Per-cell reduction (where baseline data exists)

For harnesses where we got both baseline + TLDR.md cells:

harness baseline tok/cell TLDR.md tok/cell per-cell reduction
claude 178 60 66 %
droid 394 64 84 % (small N)
codex 634 744 -17 % (codex emits chain-of-thought; see methodology)

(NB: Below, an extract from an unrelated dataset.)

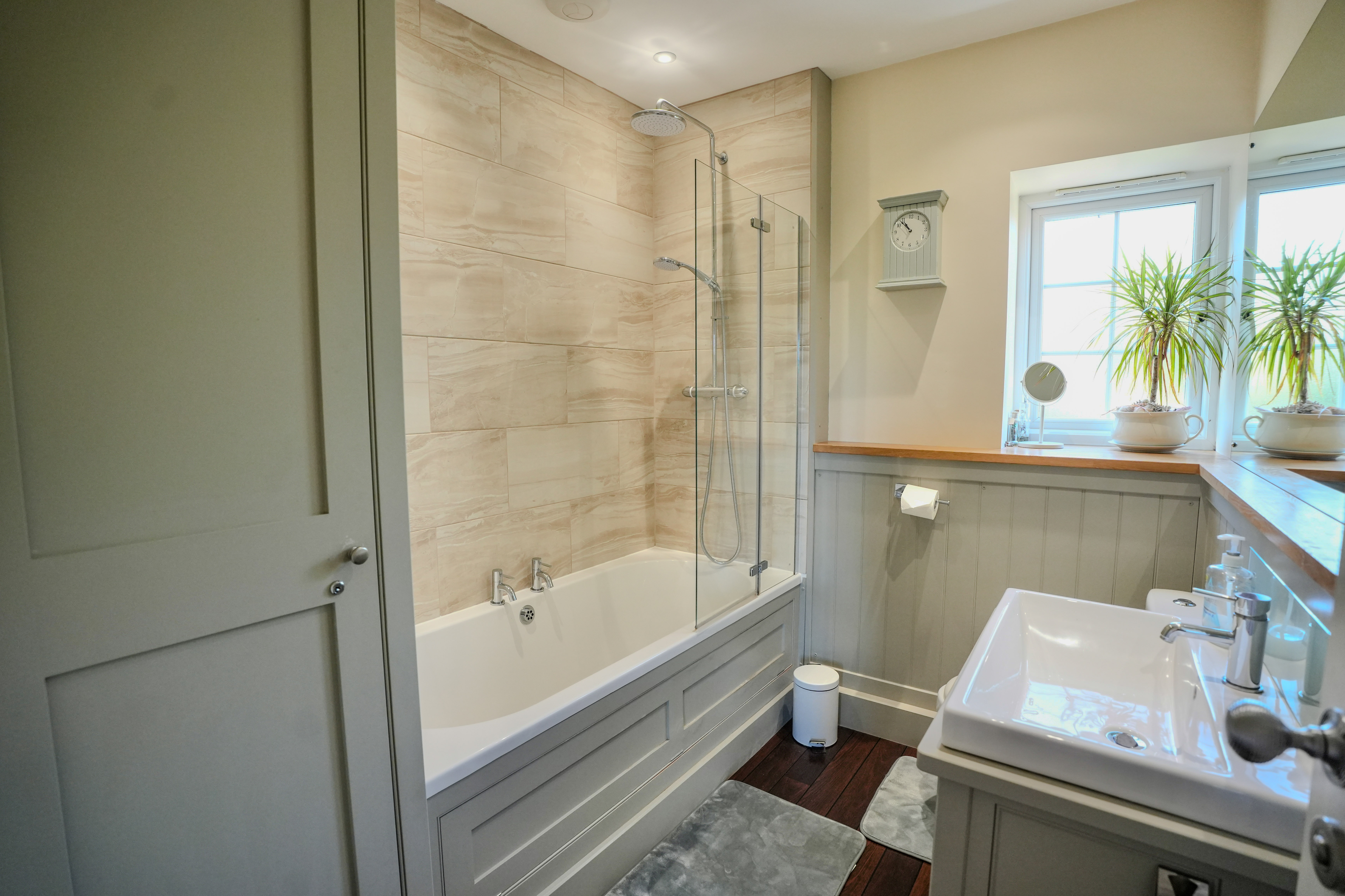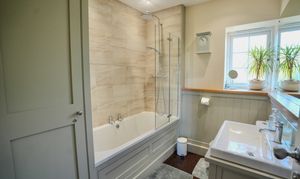 Upstairs, there are two double bedrooms. The main bedroom enjoys built-in storage, while the second bedroom overlooks the peaceful rear garden. A tastefully refitted bathroom continues the home’s charm, featuring bespoke storage and a shower over the bath.

The claude and droid per-cell numbers are the most representative for v0.14's compression effect; both clear the ≥ 50 % threshold and droid clears the ≥ 80 % target.

Historical (v0.13.1 reference)

From data/changelog.md (v0.13.1 final, 2026-04-24, commit 38fb37d):

Agent Baseline TLDR.md Reduction Compliance
gemini 1 008 133 −86.8 % 100 % (5/5)
pi 967 153 −84.2 % 100 % (5/5)
claude 599 119 −80.1 % 100 % (5/5)
agent 640 140 −78.1 % 100 % (5/5)
droid 601 136 −77.4 % 100 % (5/5)
TOTAL 3 815 681 −82.1 % avg 100 %

v0.14 carries forward the v0.13.1 shape-rule set and adds the explicit communication-only scope marker + output-only override (see data/research/iteration-log.md).

Reproducing the bench

cd bench
N_TRIALS=3 bash v0.14-bench.sh         # produces ~/bench-v14/fullbench/{baseline,tldr}/*.log
node analyze.js                         # writes results/*.json + per-harness table
node make-charts.js                     # writes results/viz/*.svg

Per-harness invocation cheat-sheet is in data/methodology.md.